Between April 26 and May 6, the Grand Final of the EPT will take place at the Monte Carlo Bay Hotel & Resort on the French Rivera.

The EPT 2016 will undergo a couple of changes at both ends of the financial spectrum, as part of the  event’s continued evolution. The EPT decided to reduce the price of the main event as well as add another event for high-end players, the well-bankrolled pro.

This year players will be charged €5,300 ($5,885) to play in the final EPT main event, this breaks the tradition of charging players the double, €10,600 ($11,700).

This price might still be expansive for many, but a reduced fee should attract more players, therefore it is expected that the number of entrants to be higher than the 564 that subscribed for the tour last year.

EPT has also added a €10,300 ($11,442) high roller to the roster, to compensate for players who prefer higher buy-ins and smaller fields.

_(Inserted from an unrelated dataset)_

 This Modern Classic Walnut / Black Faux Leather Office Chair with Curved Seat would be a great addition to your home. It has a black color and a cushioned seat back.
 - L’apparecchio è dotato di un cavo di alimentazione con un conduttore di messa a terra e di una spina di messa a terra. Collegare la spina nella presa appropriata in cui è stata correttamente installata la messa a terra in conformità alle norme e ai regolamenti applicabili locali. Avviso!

The high stakes events cost between €25,750 ($28,603) and €100,000 ($111,088), thanks to Monte Carlo’s reputation as a playground for rich and famous players, this events is likely to attract a host of big names.

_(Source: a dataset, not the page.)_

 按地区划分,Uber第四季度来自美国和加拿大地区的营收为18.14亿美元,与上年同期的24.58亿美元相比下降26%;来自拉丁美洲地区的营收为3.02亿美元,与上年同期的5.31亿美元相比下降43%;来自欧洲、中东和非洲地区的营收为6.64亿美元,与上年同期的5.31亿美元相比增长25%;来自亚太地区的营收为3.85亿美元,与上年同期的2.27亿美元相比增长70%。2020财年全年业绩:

Often there are some interesting consequences of squeezing a high concentration of pros into a single tournament like this one.

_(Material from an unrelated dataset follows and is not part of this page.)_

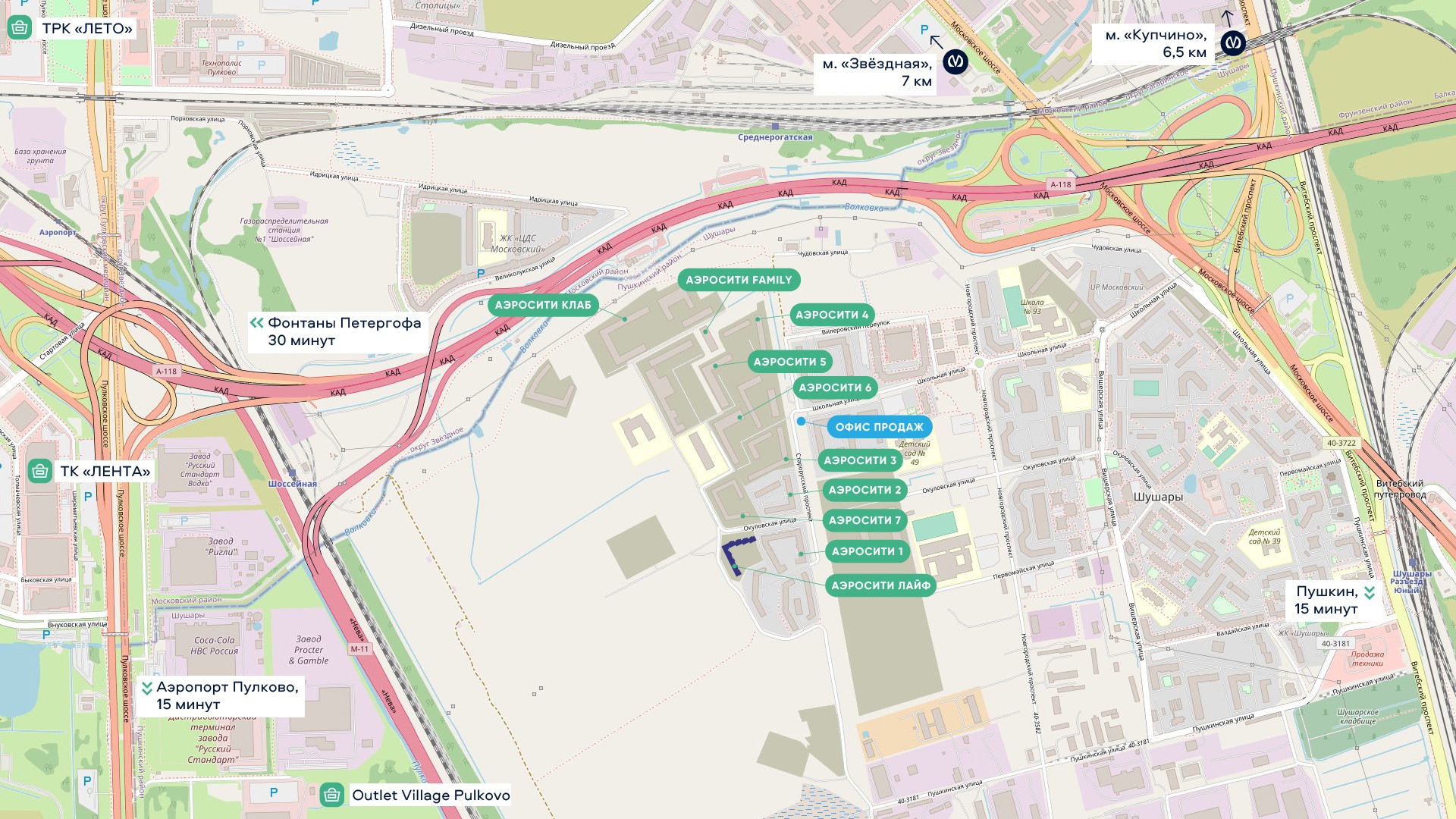 Расположенный на юге Санкт‐Петербурга, в живописном и экологически чистом Пушкинском районе, АЭРОСИТИ предлагает идеальное сочетание динамики мегаполиса и умиротворения исторических пригородов. Удобная транспортная доступность — еще одно из неоспоримых преимуществ проекта!

Throughout the 11-day festival with cash games set to run, you will probably read reports about some serious betting made by the nosebleed regulars.

PokerStars has even organized games with €1 million buy-ins in recent years for the top players. This year we’ll probably see the same.

Prop bets is another consequence of cramming such a high number of high rollers together in a single room. Phil Ivey and Isaac Haxton even started betting on how many players would still be active In the tournament at set intervals back in 2014 at the EPT10 Grand Final. This is how desperate they were for some action.

The level of the prop bets this year has already hit new heights (think Antonio Esfandiari peeing into a cup).  At the 2016 EPT Grand Final, you will probably not only see tournament action, but also prop bets of potentially ridiculous or even embarrassing nature.